OVS not up in Embedded Mode of Bluefield-2

Hi all, I recently tried to switch Bluefield-2 Infiniband DPU from Separated Host Mode to ECPF Mode and had difficulties with OVS startup. My steps are as follows.

  1. I changed INTERNAL_CPU_MODEL to 1 according to DPU OS 3.9.0(Modes of Operation - BlueField DPU OS 3.9.0 - NVIDIA Networking Docs), and checked /etc/ mellanox/mlnx-ovs.conf configuration:

    CREATE_OVS_BRIDGES="yes"
    OVS_BRIDGE1="ovsbr1"
    OVS_BRIDGE1_PORTS="p0 pf0hpf en3f0pf0sf0"
    OVS_BRIDGE2="ovsbr2"
    OVS_BRIDGE2_PORTS="p1 pf1hpf en3f1pf1sf0"
    OVS_HW_OFFLOAD="yes"
    OVS_START_TIMEOUT=30
    

    Everything looked fine, then I power cycled the server. Afterwards, I went up to the DPU and checked with sudo ovs-vsctl show and the result was as follows.

    0ffc4fa4-fb7a-4e27-afef-4b6d80cd808f
        ovs_version: "2.15.1-d246dab"
    

    It was empty. Unsuccessful bridging.

  2. Then I tried to reinstall the DPU OS with BFB. My package is DOCA_1.3.0_BSP_3.9.0_Ubuntu_20.04-6.signed. To coordinate with the version on the DPU, I also reinstalled the ofed (5.6.1.0.3) and Bluefield driver for the Host environment.

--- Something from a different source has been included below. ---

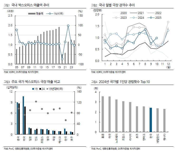 DSÅõÀÚÁõ±ÇÀº CJ CGVÀÇ 2026³â ½ÇÀûÀ» ¿¬°á ¸ÅÃâ¾× 2.3Á¶¿ø(+5 % YoY), ¿µ¾÷ÀÌÀÍ 1,333¾ï¿ø(+1 44 % YoY, OPM 5.7)À¸·Î ÅϾî¶ó¿îµå¸¦ Àü¸ÁÇß´Ù. ±¹³» ¿µÈ°ü °ü°´ ¼ö´Â 2019³â ´ëºñ ¾ÆÁ÷ ¿ÏÀü ȸº¹´Ü°è´Â ¾Æ´Ï¾úÁö¸¸, 2024³â ÀÌÈÄ Á¡ÁøÀûÀΠȸº¹¼¼¸¦ º¸¿´°í, CJ CGVÀÇ ½ÃÀåÁ¡À¯À²Àº 30% Áß¹Ý ¼öÁØÀ» À¯ÁöÇß´Ù°í ºÐ¼®Çß´Ù. CJ CGV´Â ±¹³»¿Ü ¸ÖƼÇ÷º½º ±ØÀå »ç¾÷À» ±â¹ÝÀ¸·Î ÄÜÅÙÃ÷ À¯Åë, ±¤°í, F&B, ±×¸®°í ÀÚȸ»ç 4DPLEX(±â¼úƯº°°ü ÄÜÅÙÃ÷Ç÷§Æû)¸¦ Æ÷ÇÔÇÑ ºÎ°¡»ç¾÷À» °áÇÕÇÑ ¡®Beyond Movies¡¯ Àü·«À» ÃßÁøÇؿ º¹ÇÕ ¿£ÅÍÅ×ÀÎ¸ÕÆ® ±â¾÷ÀÌ´Ù.¸®Æ÷Æ®¿¡ µû¸£¸é, OTT ½ÃÀåÀº 2020³â ÀÌÈÄ °í¼ºÀåÀ» À̾Áö¸¸, PwC ÀÚ·á ±âÁØ 2024³â ÀÌÈÄ ¼ºÀå·üÀÌ µÐȵǴ ¹Ý¸é ±ØÀå °ü¶÷°´ ¼ö¿Í ¸ÅÃâÀº ¹Ù´ÚÀ» Åë°úÇÑ ÀÌÈÄ ¿Ï¸¸ÇÑ È¸º¹ ±¹¸é¿¡ ÁøÀÔÇÑ °ÍÀ¸·Î ºÐ¼®µÆ´Ù. DSÅõÀÚÁõ±ÇÀº OTT¿Í ±ØÀåÀÌ ´ëüÀ纸´Ù´Â º¸¿ÏÀç °ü°è·Î ÀçÁ¤¸³µÇ´Â °úÁ¤¿¡¼ ºí·Ï¹ö½ºÅÍ À§ÁÖÀÇ »ó¿µ, ÇÁ¸®¹Ì¾ö Æ÷¸Ë È®´ë, ±Û·Î¹ú µ¿½Ã°³ºÀ µîÀÌ CJ CGVÀÇ ¼öÀͼº °³¼±¿¡ ±â¿©Çß´Ù°í Æò°¡Çß´Ù. ÅõÀÚ Æ÷ÀÎÆ®·Î´Â ù°, 4DPLEX¸¦ Æ÷ÇÔÇÑ ±Û·Î¹ú ÇÁ¸®¹Ì¾ö Æ÷¸Ë(4DX, ScreenX, SX)ÀÇ °í¼ºÀå, µÑ°, Á¼® È¿À² °³¼±, ¼Â°, ºñ¿ë ±¸Á¶ ÀçÆí¿¡ µû¸¥ ¿µ¾÷ ·¹¹ö¸®Áö È¿°ú¸¦ ²Å¾Ò´Ù.4DPLEX´Â CJ CGVÀÇ ÇÙ½É ¼ºÀåÃàÀ¸·Î Á¦½ÃµÆ´Ù. 4DX¿Í ScreenX¸¦ ÇÕ»êÇÑ 4DPLEXÀÇ ½ºÅ©¸° ¼ö´Â 2019³âºÎÅÍ 2024³â±îÁö ¿¬Æò±Õ 30% ÀÌ»ó Áõ°¡Çß°í, 2024³â ±âÁØ ´©Àû ¼³Ä¡ ½ºÅ©¸°Àº ¾à 928°³, °è¾à ±âÁØ 1152°³ ¼öÁØÀ¸·Î Áý°èµÆ´Ù. DSÅõÀÚÁõ±ÇÀº 4DX¡¤ScreenX°¡ ºÏ¹Ì AMC, ¸ß½ÃÄÚ Cinepolis, ¹Ì±¹ Cinemark µî ±Û·Î¹ú »óÀ§ üÀΰúÀÇ ÆÄÆ®³Ê½ÊÀ» ÅëÇØ 2030³â±îÁö ¾à 7400°³ ½ºÅ©¸°À¸·Î È®´ëµÉ ¼ö ÀÖ´Â ÀáÀç·ÂÀÌ ÀÖ´Ù°í Æò°¡Çß´Ù.½ÇÀû ¹× ¹ë·ù¿¡ÀÌ¼Ç Àü¸Á, ¸ñÇ¥ÁÖ°¡ 8000¿ø Á¦½ÃÀ繫 Ãø¸é¿¡¼ ¸®Æ÷Æ®´Â CJ CGVÀÇ ¼ÕÀͱ¸Á¶ °³¼± ¼Óµµ¸¦ ±¸Ã¼ÀûÀ¸·Î Á¦½ÃÇß´Ù. 2025³â¿¡´Â ¸ÅÃâ 2Á¶2213¾ï¿ø, ¿µ¾÷ÀÌÀÍ 550¾ï¿ø, 2026³â¿¡´Â ¸ÅÃâ 2Á¶3407¾ï¿ø, ¿µ¾÷ÀÌÀÍ 1330¾ï¿ø, ¿µ¾÷ÀÌÀÍ·ü 5.7%°¡ Àü¸ÁµÆ´Ù.EBITDA ±âÁØÀ¸·Î´Â 2022³â 2530¾ï¿ø, 2023³â 3480¾ï¿ø, 2024³â 3550¾ï¿øÀÌ ÃßÁ¤µÆ°í, 2025³â 550¾ï¿ø¿¡¼ 2026³â 1330¾ï¿øÀ¸·Î Àçµµ¾àÇÒ °ÍÀ¸·Î Á¦½ÃµÆ´Ù.¸®Æ÷Æ®¿¡ µû¸£¸é, CJ CGVÀÇ ÀÚ±âÀÚº»ÀÌÀÍ·ü(ROE)Àº 2022³â -55.2%, 2023³â -24.1%, 2024³â -30.7%·Î ÀûÀÚ ±¸°£ÀÌ Áö¼ÓµÆÀ¸³ª, 2025³â -17.0%, 2026³â -3.2%±îÁö ¼Õ½Ç ÆøÀÌ Ãà¼ÒµÉ °ÍÀ¸·Î Àü¸ÁµÆ´Ù. ÁÖ´ç¼øÀÌÀÍ(EPS)Àº 2022³â -2371¿ø, 2023³â -786¿ø, 2024³â -1033¿ø, 2025³â -658¿ø, 2026³â -112¿øÀ¸·Î ÀûÀÚ ÆøÀÌ ÇØ¸¶´Ù ÁÙ¾îµå´Â È帧À» Á¦½ÃÇß´Ù.DSÅõÀÚÁõ±ÇÀº ¹ë·ù¿¡ÀÌ¼Ç »êÃâ¿¡ EV/EBITDA¿Í SOTP ¹æ½ÄÀ» Ȱ¿ëÇß´Ù. 2026³â ¿¬°á EBITDA 1006¾ï¿øÀ» ±âÁØÀ¸·Î ÇÑ EV/EBITDA, ±×¸®°í ÇØ¿Ü »óÀå»ç¿ÍÀÇ ¸ÖƼÇà ºñ±³¸¦ ÅëÇØ CJ CGV º»Ã¼, Áß±¹¡¤ÅÍŰ ¹ýÀÎ, 4DPLEX, CGVFX µîÀ» °¢°¢ Æò°¡Çß°í, ÇÕ»ê ±â¾÷°¡Ä¡¸¦ 7240¾ï¿øÀ¸·Î »êÃâÇß´Ù. ¿©±â¿¡ »óÀå»ç AMC, CGI, 4DPLEXÀÇ ¸ÖƼÇÃÀ» ÂüÁ¶ÇØ 4DPLEX °¡Ä¡¸¸ ¾à 2304¾ï¿ø, CJ CGV º»Ã¼¿Í ÇØ¿Ü ¹ýÀÎ °¡Ä¡¸¦ ÇÕ»êÇØ 4444¾ï¿ø ¼öÁØÀ¸·Î Æò°¡Çß°í, ÃÑ ÀÚ±âÀÚº»°¡Ä¡¸¦ 2778¾ï¿ø, ÁÖ´ç ÀûÁ¤°¡Ä¡¸¦ 8000¿øÀ¸·Î Á¦½ÃÇß´Ù.2025³â 11¿ù 25ÀÏ ±âÁØ CJ CGVÀÇ ÁÖ°¡´Â 5540¿øÀ̾ú°í, ¸ñÇ¥ÁÖ°¡ 8000¿ø ´ëºñ »ó½Â¿©·ÂÀº ¾à 44.4%·Î °è»êµÆ´Ù. DSÅõÀÚÁõ±ÇÀº ´Ü±â ½ÇÀû º¯µ¿¼º¿¡µµ ºÒ±¸Çϰí 4DPLEX ¼ºÀå°ú ¿µÈ½ÃÀå ±¸Á¶ º¯È¿¡ µû¸¥ ·¹¹ö¸®Áö È¿°ú¸¦ ÀÌÀ¯·Î ¡®¸Å¼ö¡¯ ÀǰßÀ» À¯ÁöÇß´Ù°í ¹àÇû´Ù. Áß±âÀÌÄÚ³ë¹Ì ±èÇö¼º ±âÀÚ

I check /etc/mellanox/mlnx-ovs.conf before power cycling the server with the same result as above and subsequently power cycled the machine.
    Nothing changed with ovs, still unsuccessful bridging.

  3. I went through the contents of BlueField DPU OS 3.9.0-Deploying DPU OS Using BFB from Host-Default Ports and OVS Configuration and checked the contents of /etc/modprobe.d/mlnx-bf.conf:
    install ib_umad /sbin/modprobe --ignore-install ib_umad $CMDLINE_OPTS && (if [ -x /sbin/mlnx_bf_configure ]; then /sbin/mlnx_bf_configure; fi)

    This seems inconsistent with the description of The /sbin/mlnx_bf_configure script runs automatically with mlx5_ib kernel module loaded in the documentation, and I’m not sure if this is the cause of the ovs failure.

    I also tried running /sbin/mlnx_bf_configure directly and nothing happens. mlnx-sf -a show print nothing but an empty line, ovs-vsctl show print results that was the same as before.

  4. In addition to the above, I checked the en3f1pf1sf0 port with the command ifconfig en3f1pf1sf0 and found the error:
    en3f1pf1sf0: error fetching interface information: Device not found

Ok, thank you very much for reading this, this is all I have tried to do for this problem, and now there is nothing I can do. Can somebody give me a hand with this? I would like to offer my sincere thanks.

P.S. Our device works fine in Separated Host Mode, so I don’t think it’s a connection or hardware failure, but I welcome your criticism to point out my potential mistakes.